Rep Patrice Arent (D, Millcreek)

Rep Patrice Arent (Democrat – Millcreek)

***Note: this bill has been substituted, this analysis may no longer be valid***

Representative Patrice Arent (Democrat – Millcreek) is continuing her years-long push for higher pollution control standards this legislative session with HB 38 – Sustainability Amendments.

The bill, quite simply, would require the governor to tap a Sustainability Director, who’s role would be to work with other state agencies to create sustainable programs and policies designed to reduce the environmental impact the state makes on our environment.

Presumably, the Sustainability Director would work to upgrade automotive fleets, upgrading office equipment to be more energy efficient, and implementing more comprehensive recycling programs designed to divert waste from the state’s landfills.

The impact of comprehensive sustainability plans could be quite large. Utah’s state budget is expected to be over $11 billion in 2015, accounting for roughly 10 percent of total production within the state, decreases in pollution and increases in efficiency standards could have a great impact on the states overall pollution impact. By placing someone at the head of the operation, real, comprehensive action could take place.

This is part of a suite of bills Arent intends to run that are designed to improve Utah’s environment. Arent has already published HB 19 – Electric Vehicle Battery Charging Service Amendments, and other potential bills listed include “Clean Air Programs,” and “Joint Resolution Endorsing Tier III Standards for Air Quality.”

Over the years, Arent has become a leader in fighting Utah’s dirty air. In the past she has passed bills that require government agencies to report their plans to reduce air pollution and report on such progress. She has also attempted to pass legislation that would have created a task force specifically designed to address air quality.

During the 2012-2013 inversion season, there were a total of 35 mandatory “no burn” days and 14 voluntary “no burn” days in Salt Lake and Davis County—equating to roughly one in four days during the winter season when the air posed a risk to citizens health. As of December 12th, Utah County has had three mandatory no burn days, while Salt Lake, Davis, and Cache have had two.

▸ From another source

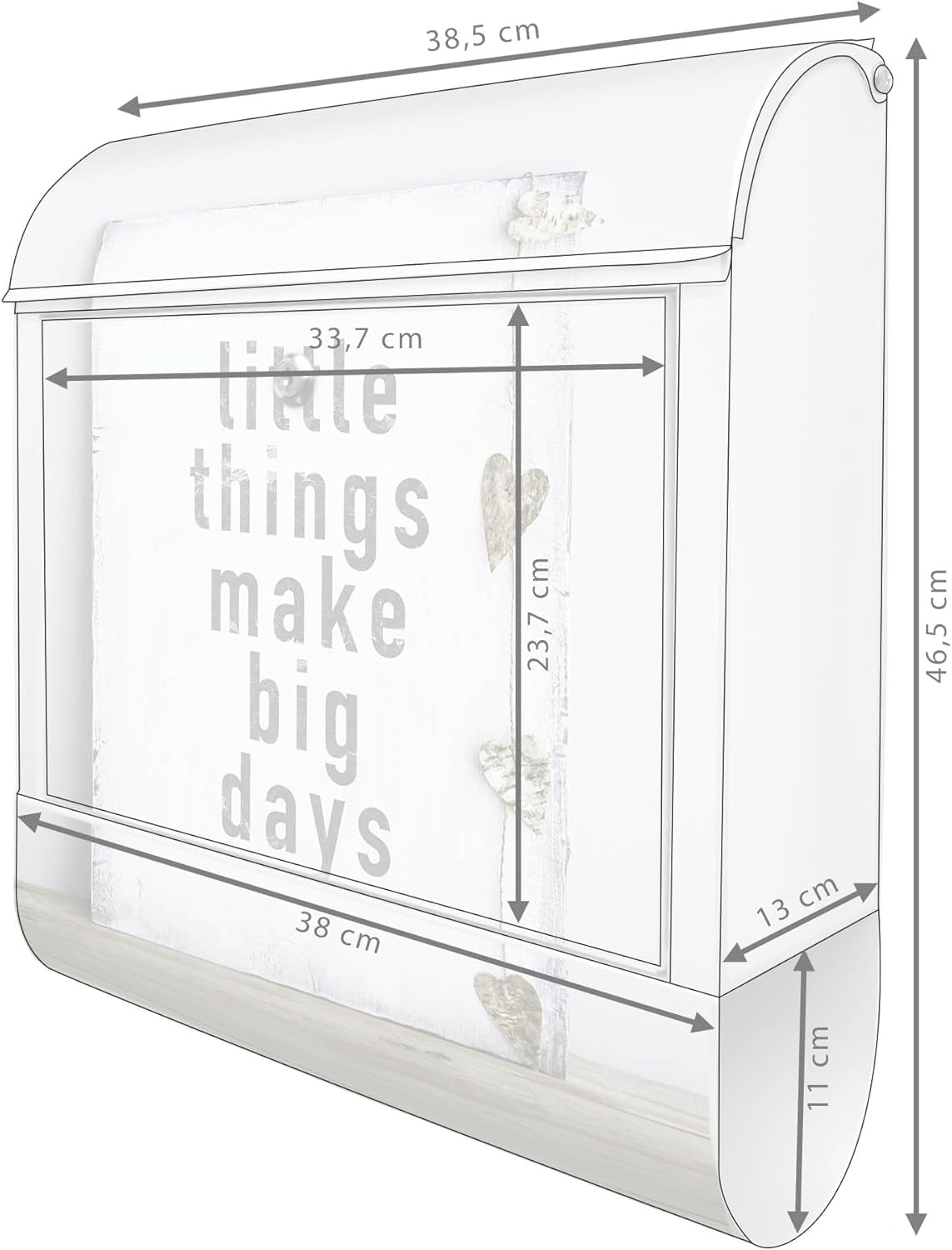 - DETAILS: Der Postkasten personalisiert aus pulverbeschichtetem Stahl sind 39x47x14cm gross. Das Motiv besteht aus einer wetter- und UV-resistenten Folie, die mit einem Schutzlaminat überzogen ist. Montagematerial und zwei Schlüssel sind im Lieferumfang.
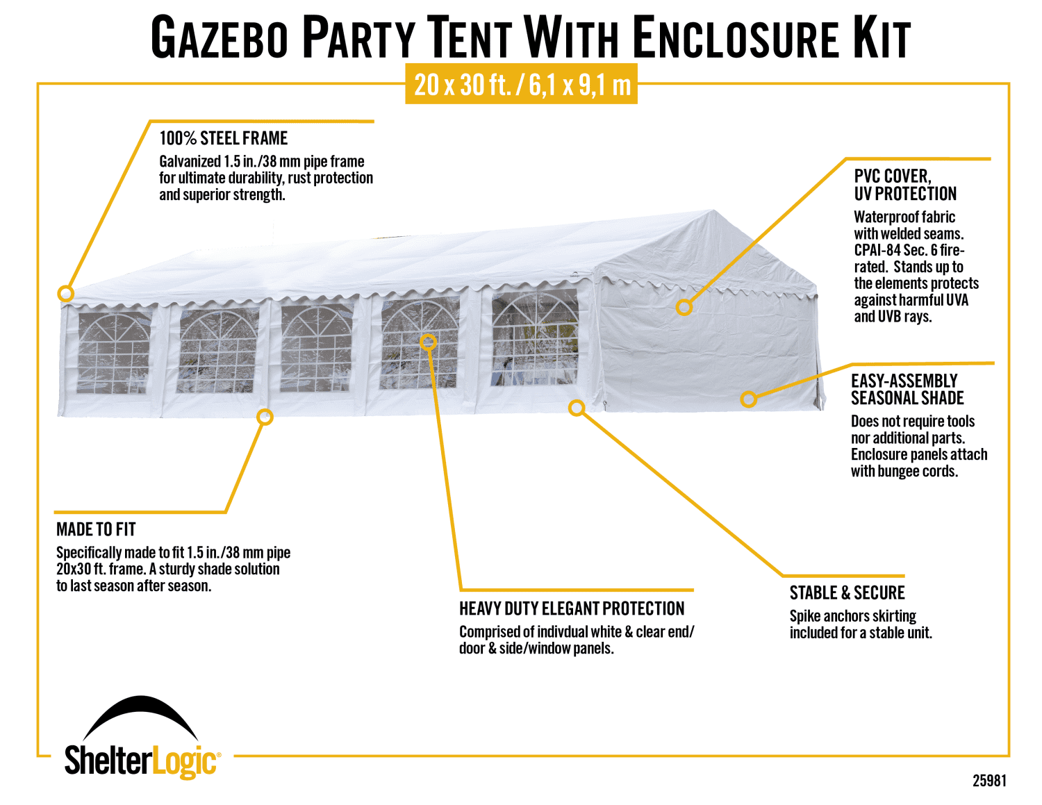 ShelterLogic® Party Tent are a decorative and affordable solution for hosting any outdoor event or festival. Host the reception cocktail hour or let the DJ spin the music and get everyone dancing while protected from the weather. With versatile options and colors to choose from, these canopies go beyond the backyard to farm or roadside stands, maris, or anywhere shade and protection are required. Why rent a tent for just one day when you can own a ShelterLogic Party Tent for less than the cost of a rental?

To contact Representative Arent, click here or call 801-272-1956.

Impact on Average Utahn:

High Impact   5 . 4 . 3 . 2 . 1 . 0   No Impact

Need for Legislation:

Necessary   5 . 4 . 3 . 2 . 1 . 0   Unnecessary

Lemon Score:

Sound Legislation 5 . 4 . 3 . 2 . 1 . 0 Clunker

You can track this, and all of our other flagged bills, by clicking here. Need an explanation of scores? Click Here.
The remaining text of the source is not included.